Your task
Starting at the first line of the data, print each line verbatim up to and including the line bearing "3. Disconnect fuel", omitting pictures.

Collected data

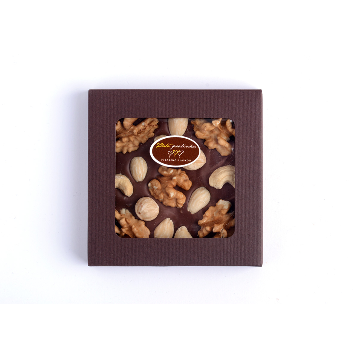Mléčná čokoláda s oříšky v krabičce
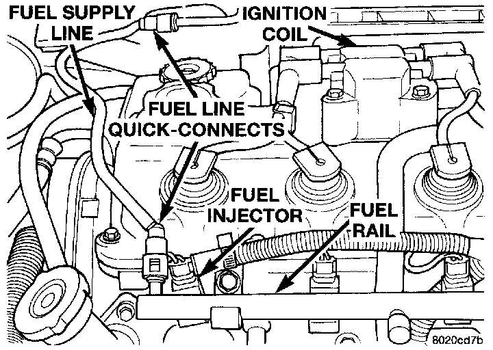 3. Disconnect fuel supply tube from rail. Refer to Quick-Connect Fittings in the Fuel Delivery and Air Induction/Fuel Line Coupler . Service and Repair
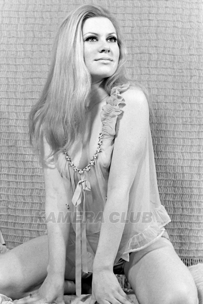 Two different shots of the luscious Linda Dean from a large set of 35 mm negatives. Taken at Jason studio’s in the 1960s, there are four sets of images of Linda in different outfits. My favourites are these two with the tinsel and her in the sheer négligée.

Exercise answer
Mléčná čokoláda s oříšky v krabičce
 3. Disconnect fuel supply tube from rail. Refer to Quick-Connect Fittings in the Fuel Delivery and Air Induction/Fuel Line Coupler . Service and Repair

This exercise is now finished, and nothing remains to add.